Beating the Odds: Robotic Process Automation at the Mohegan Sun Casino & Resort
Kevin Legendre had a love of “numbers” but before enrolling at Nichols College it typically manifested in sports statistics. However, his work in and outside of class with Prof. Bryant Richards, now the Director of Nichols Center for Intelligent Process Automation (CIPA), introduced Kevin to not just the computation of statistics but the analytical potential for data as well—and eventually to the power of automating those processes.
Kevin employed this interest in data analytics on campus first, partnering with another student and Nichols’ Fisher Institute to evaluate the success of campus events. Rather than just tracking data from past events, they were able to use existing data and create a ratio for predictive analytics, allowing the College to estimate student participation, streamline budgeting, and make more events more successful. It was a success for Kevin, too. “I knew I wanted to work with data and so that’s how I started my passion for data analytics,” but it wasn’t clear how that would translate into a specific career field.
Prof. Richards leveraged a deep relationship with the Mohegan Sun Casino & Resort with Kevin’s strong potential for data analysis to place him as a consultant for Mohegan’s internal auditing department. Despite no formal training, his passion for interpreting data made him a strong candidate to work as an internal auditor for an organization that generates more than $1 billion in revenue. Mohegan’s numbers matter a great deal.
After learning the organization and the industry better in his first few years, Kevin recognized the growth of data analytics in auditing; around the same time, Prof. Richards and the CIPA were taking the next step toward learning and training others in Robotic Processing Automation (RPA). Kevin’s propensity for creating efficiency in the mundane tasks, in order to make time for more complicated and creative endeavors, made RPA instantly appealing. When a keynote speaker at a conference for auditing in the gaming industry also made a reference to the growth of automation, Kevin says “my eyes lit up right away.”
CIPA provided training, support, and tools for Kevin to experiment with RPA providers, and Prof. Richards worked with him to identify relevant use cases and craft some new concepts that would be applicable to Mohegan. When Kevin pitched the potential to his supervisors, they agreed that automating processes would provide value to Mohegan, and its auditors in particular, not by replacing people with automation but by freeing up more time for their auditors to do creative and complex projects. “Sure there’s going to be parts of your job that get taken away,” Kevin says, “but now that’s going to free you up for more value add tasks…this isn’t this isn’t taking a job away it’s making your job easier.” For example, automating routine, operational or compliance-oriented audits gives him more time to actually review the findings—“put eyeballs on it”—and think creatively about solutions.

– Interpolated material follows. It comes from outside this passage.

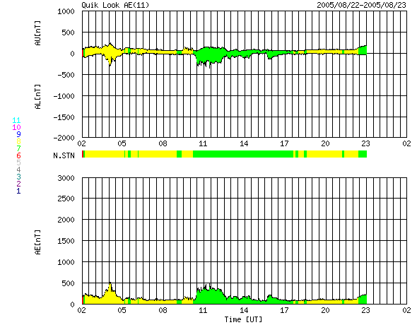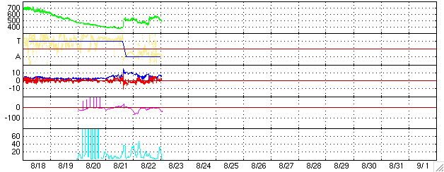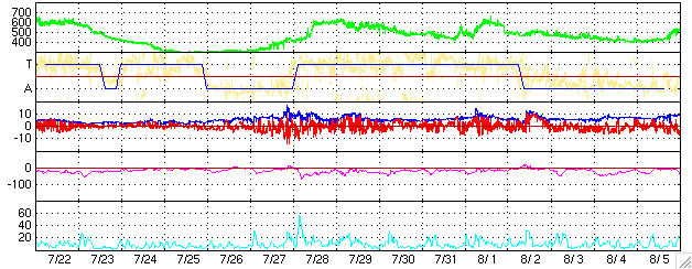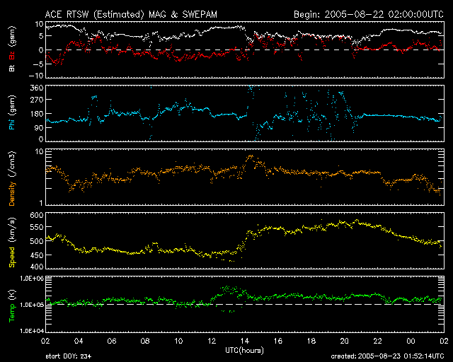 GOES衛星の太陽X線データ (c) NOAA/SEC ![]() SOHO衛星のMDIカメラによる太陽黒点 (c) SOHO (ESA & NASA) ![]() GOES衛星の太陽放射線データ (c) NOAA/SEC ![]() ACEが観測した太陽風の磁場(1番上の枠、白線は全体の強度、赤線は南北成分) および、太陽風の密度(3番目の橙線)、速度(4番目の黄線) (c) NOAA/SEC ![]() リアルタイムAE指数 下段のAEグラフの値が高くなると、オーロラ活動が活発化しています。 (c) 京都大学, NICT ![]() 27日の太陽周期に合わせたデータプロット (太陽風版) 太陽が同じ面を地球に向けていた27日前の変化から、今後を予想することができます。 (c) NICT

With CIPA and Mohegan’s support, Kevin has developed two proof of concepts that show the potential for RPA in the Casino and Resort. First, he crafted an automation for his direct supervisor to audit Mohegan’s tenants. Previously, a manual audit required about 40 hours of her time, much of that spent aligning data that did not merge correctly into a spreadsheet. The time commitment made that prohibitive to conduct more than once each quarter. Kevin’s RPA reduced that time commitment from 40 hours to seven minutes. Next, he used RPA to streamline a compliance audit for physical security, automating a report on which access cards are opening which doors in the facility. Given the size of Mohegan, that report could take up to 100 hours per year; the RPA was complete in twenty minutes.
Both of these proofs of concept represented a significant return on time investment for Mohegan. Next year, Kevin anticipates about 50% of his time being devoted to identifying areas where RPA can provide more efficiency, and then developing those automations. Calculating how many hours are spent on certain projects, and how much time can be saved via RPA, Kevin projects the first six or seven saving between 1500 to 2000 hours for Mohegan employees each year. Leveraging automation for data analysis is a significant area of growth for the gaming industry, and the best way for it to increase the odds that the organization will run efficiently, so that its talented employees can use their time less for routine reporting and more for creative problem-solving.